或者,如果在某些地方可以有任何对象,则必须向xml读取代码中指定的属性添加属性,以便在读取后更改该节点的类型。

like this:

是这样的:

<option>
     <name>some name</name>
     <value type="int">123</value>
</option>
<option>
     <name>some other name</name>
     <value type="string">abcdefg</value>
</option>

Then in your code you will have to check which type to convert each string from value tag.

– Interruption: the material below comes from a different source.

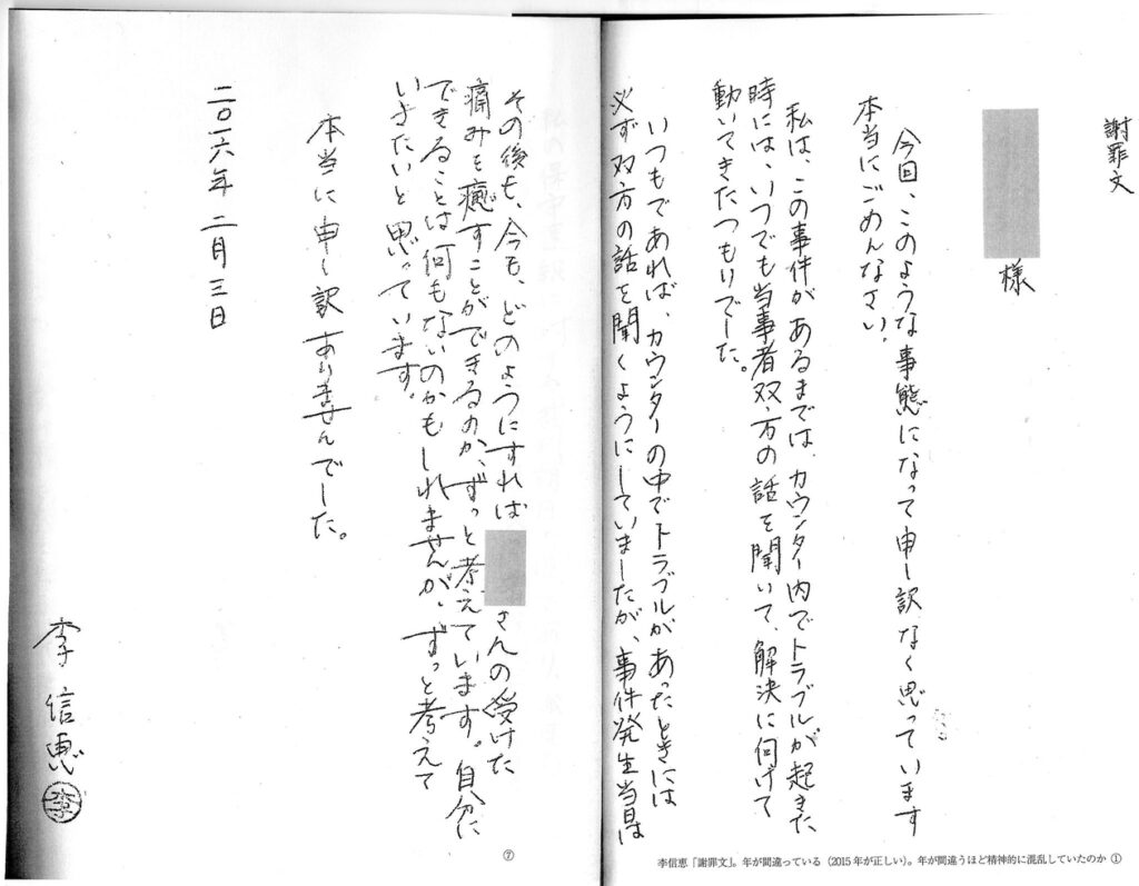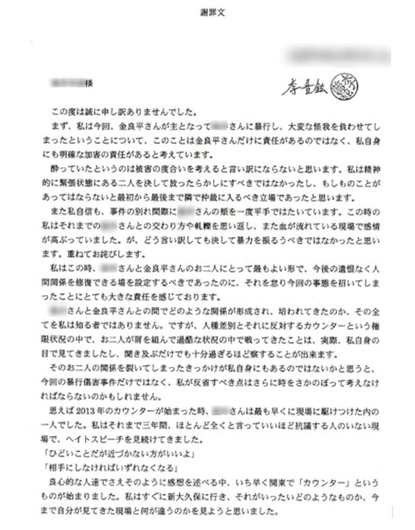 【8】リンチに連座しM君を一発殴った李普鉉の「謝罪文」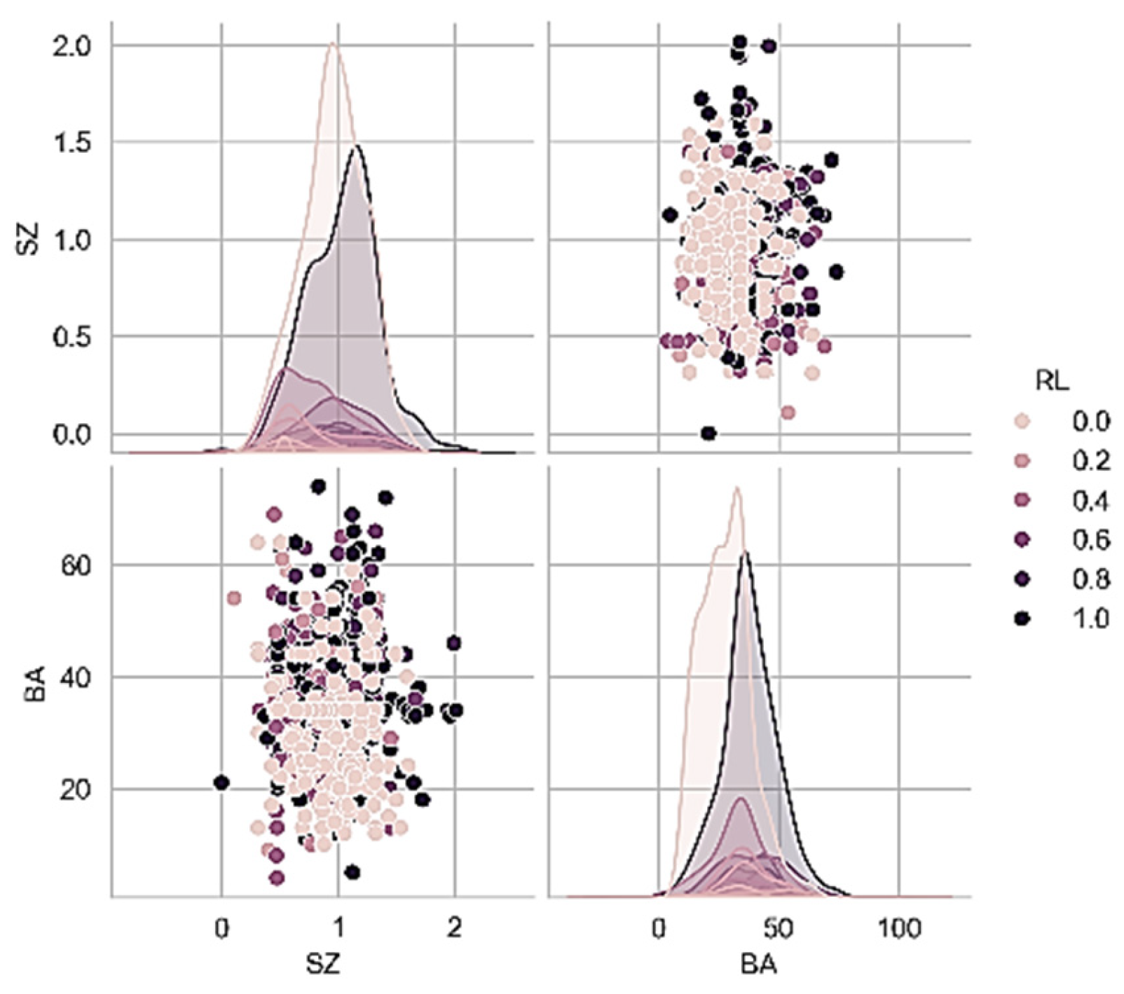 Numerical variables, such as seismic zone (SZ), age of buildings (BA), and level of risk (RL), were analyzed via pair plots, shown in

然后,在您的代码中,您将必须检查要从值标记中转换每个字符串的类型。

#2


3  

Yes those are different. You need to do:

是的,那些是不同的。你需要做的:

int intValue = int.Parse("88");

int intValue = int.Parse(“88”);

If you don't know what the source type is, you can also do:

如果你不知道源类型是什么,你也可以:

int intValue = Convert.ToInt32(someObject);

int intValue = Convert.ToInt32(someObject);

Which will convert anything to an int, if it can.

如果可以的话,它可以将任何东西转换成int类型。

#3


2  

XElement has an operator overload for explicit int cast, so you probably should be doing that

XElement有一个用于显式int cast的操作符重载,因此您可能应该这么做

XDocument doc = XDocument.Load ( file );
XElement xe = doc.Element ( "EffectFile" );

xe.Elements ( "Options" ).Any ( )
    ? xe.Elements ( "Options" ).Select (
        o => o.Elements ( "Option" ).Select (
            n => ( int) n).First ( ) )
    : null ) )

#4


2  

XML is text... it is normally returns values of nodes as text. As jbtule said you can use explicit casts (see http://msdn.microsoft.com/en-us/library/bb348319.aspx) for details.

XML文本…它通常以文本形式返回节点的值。正如jbtule所说,您可以使用显式类型转换(参见http://msdn.microsoft.com/en-us/library/bb348319.aspx)获取详细信息。

You may also consider using XML serialization instead of reading raw XML.

您还可以考虑使用XML序列化而不是读取原始XML。